(DATASET EXTRACT begins)

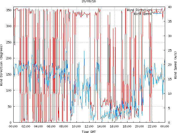 - Max Wind Speed: 24.9 ms-1 Time: 8:22:37 GMT
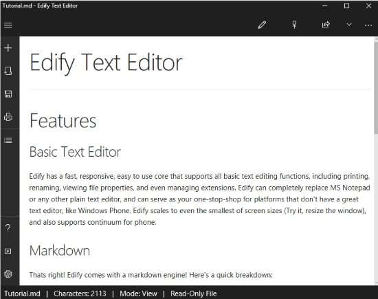 Edify Text Editor is a Windows 10 plain text editor app which can be used to replace apps like Notepad. If your device does not have a built in text editor then you can easily download and use this app in place. The app has some very good features like live markdown editor, auto saving of files, file syncing, distraction free writing, etc.
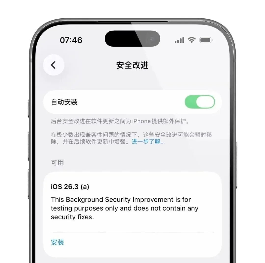 iOS 26.3 Beta1的用户,点击设置→隐私与安全性→后台安全改进,稍等数秒就可以看到iOS 26.3(a)。
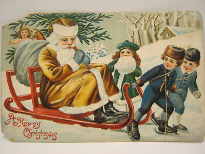 Title (ebay affiliate link): ANTIQUE- SANTA CLAUS POST CARD- GOLD COLORED COAT & HAT
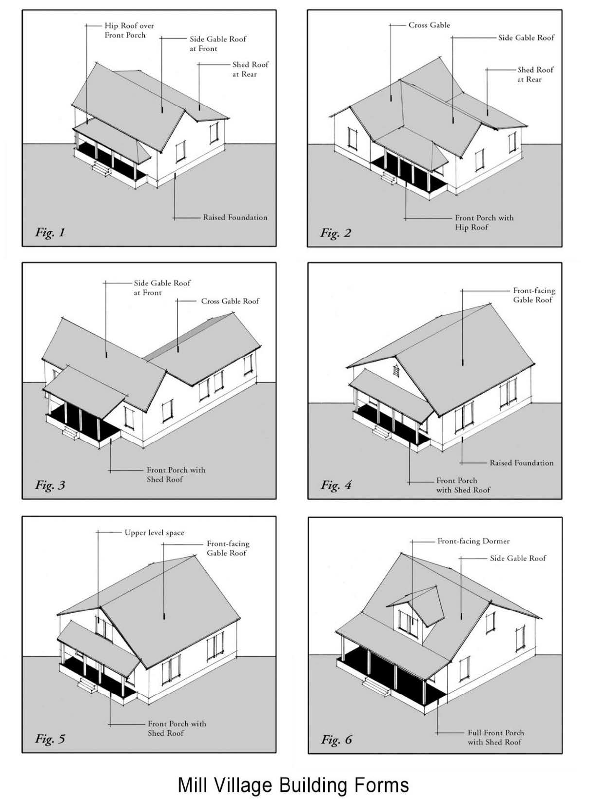 The architectural design of any new dwelling constructed in the Mill Village District Overlay shall substantially comply with the housing depicted in Table MV-1, Mill Village Building Forms.
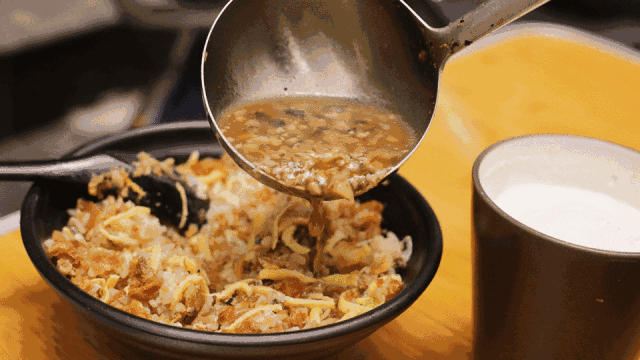 咸的用肉臊浇灌,在碗中撒入香酥的肉松、爽口的榨菜碎、细腻如脂的咸蛋黄,最讲究的是油条碎,必须是重炸过的“双泡油条”,吃起来才够酥脆,满口留香,再要上一碗甜豆浆,醇厚温润。咸的饭,甜的浆,堪称天作之合。
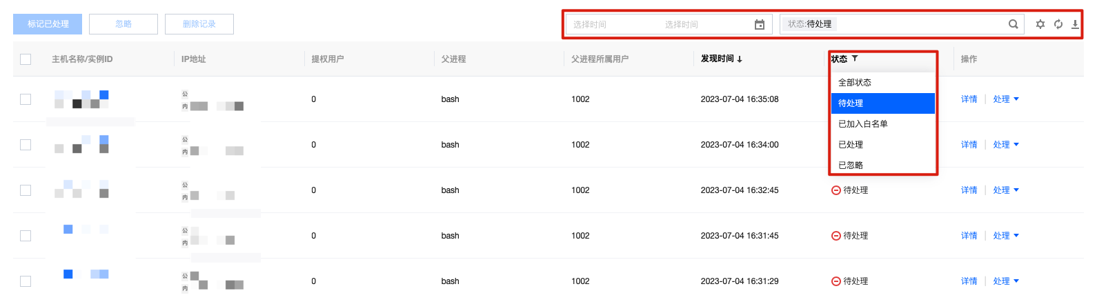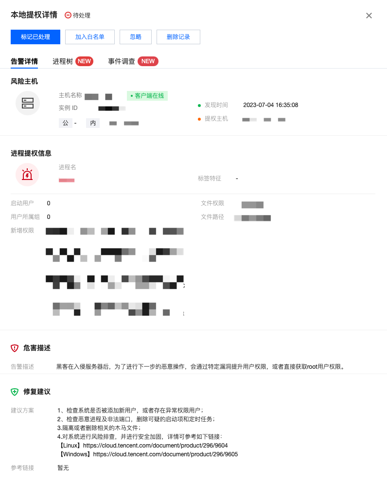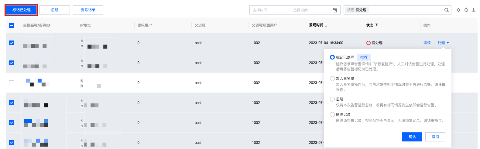标记已处理:支持单选或多选本地提权告警信息,人工对该告警进行处理,处理后可将告警标记为已处理。

(DATASET EXTRACT ends)

• [DIRECTIONS FOR THIS TASK]: When a record holds a picture, leave that picture out; copy the rest verbatim.

• [THE COMPLETED TASK]:
 - Max Wind Speed: 24.9 ms-1 Time: 8:22:37 GMT
 Edify Text Editor is a Windows 10 plain text editor app which can be used to replace apps like Notepad. If your device does not have a built in text editor then you can easily download and use this app in place. The app has some very good features like live markdown editor, auto saving of files, file syncing, distraction free writing, etc.
 iOS 26.3 Beta1的用户,点击设置→隐私与安全性→后台安全改进,稍等数秒就可以看到iOS 26.3(a)。
 Title (ebay affiliate link): ANTIQUE- SANTA CLAUS POST CARD- GOLD COLORED COAT & HAT
 The architectural design of any new dwelling constructed in the Mill Village District Overlay shall substantially comply with the housing depicted in Table MV-1, Mill Village Building Forms.
 咸的用肉臊浇灌,在碗中撒入香酥的肉松、爽口的榨菜碎、细腻如脂的咸蛋黄,最讲究的是油条碎,必须是重炸过的“双泡油条”,吃起来才够酥脆,满口留香,再要上一碗甜豆浆,醇厚温润。咸的饭,甜的浆,堪称天作之合。
标记已处理:支持单选或多选本地提权告警信息,人工对该告警进行处理,处理后可将告警标记为已处理。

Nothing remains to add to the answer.